A professional educator, Kano was instrumental in promoting Judo throughout Japan as a form of physical exercise, eventually making it part of the Japanese public school curriculum of the early 1900s.

Kano also promoted Judo and physical exercise outside of Japan and in 1909 became the first Asian member of the International Olympic Committee (IOC).  In 1964, Judo became the first martial art to become an official event in the Olympics, experiencing international growth and recognition ever since.

Unlike many martial arts, Judo has resisted splitting into different styles and associations and continues to be governed by one association, The International Judo Federation (IJF).  


Philosophy of Judo

Kano’s maxims for all students, or judoka, were "maximum efficiency with minimum effort" and "mutual welfare and benefit." These principles were meant to be ways in which to live a positive and fulfilling life.  Read more about the philosophy of Judo. 


Judo as Self-Defense

Although meaning “The Gentle Way” when translated, there is nothing gentle about Judo techniques.  Combining takedowns (throws, sweeps and reversals) and grappling (pins, arm locks and chokes), it is a very effective form of self-defense. 

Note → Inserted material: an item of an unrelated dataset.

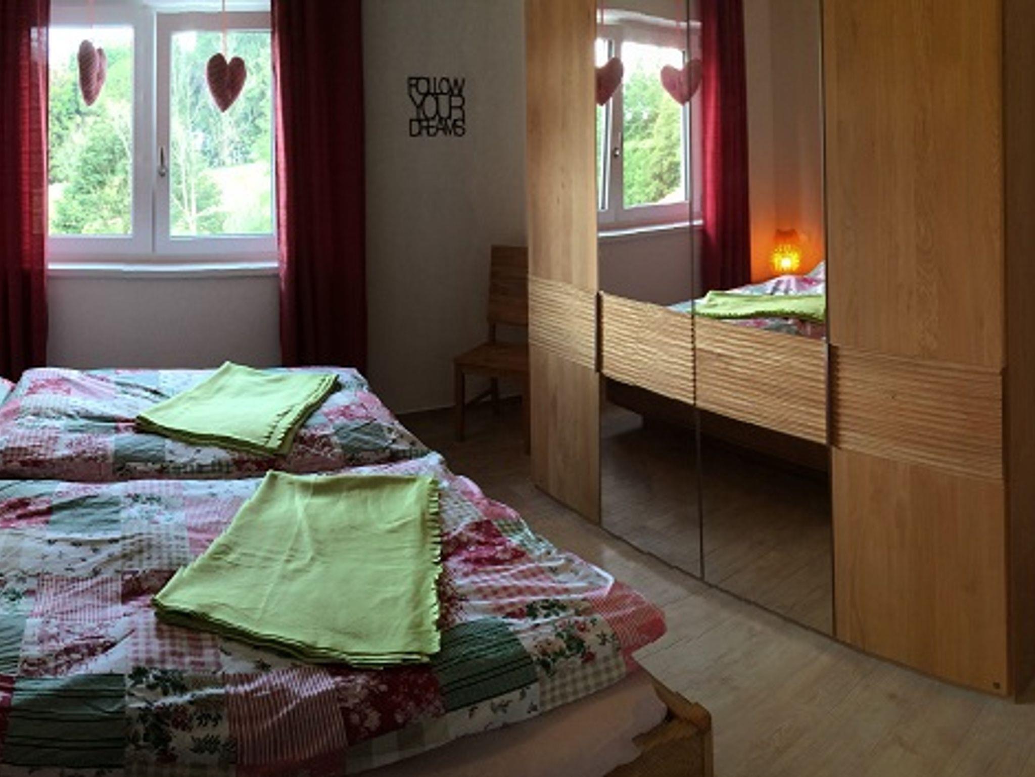 Das Schlafzimmer ist komfortabel mit Musterring Holzmöbeln ausgestattet und verfügt über ein großes Doppelbett und genügend Stauraum in dem 2 Meter Schrank mit Spiegeltüren.

Commonly thought of as a ‘defensive martial art,’ Judo techniques tend to be most effective when being attacked, grabbed or brought to the ground; all situations that the experienced Judoka faces in his or her training.  Thus, when provoked, an experienced Judoka can prove to be a lethal adversary.


Kids and Judo

One of the more child-friendly martial arts, Judo imparts many lessons, including break-falls (how to fall properly); respect; discipline; team work and more. 

Many children learn about sportsmanship by participating in Judo tournaments; earning medals and trophies while also building self-esteem.  Those children that continue on in Judo earn belts and learn that with hard work comes rewards.


Adults and Judo

Judo works out all the muscles in the body, as well as the mind (tactically) – it has often been called chess played with the entire body.  Competition judo can be pursued from local regional tournaments all the way up to national, international and Olympic levels of play.

Adults can pursue Judo recreationally, competitively, or a as a mixture of the two.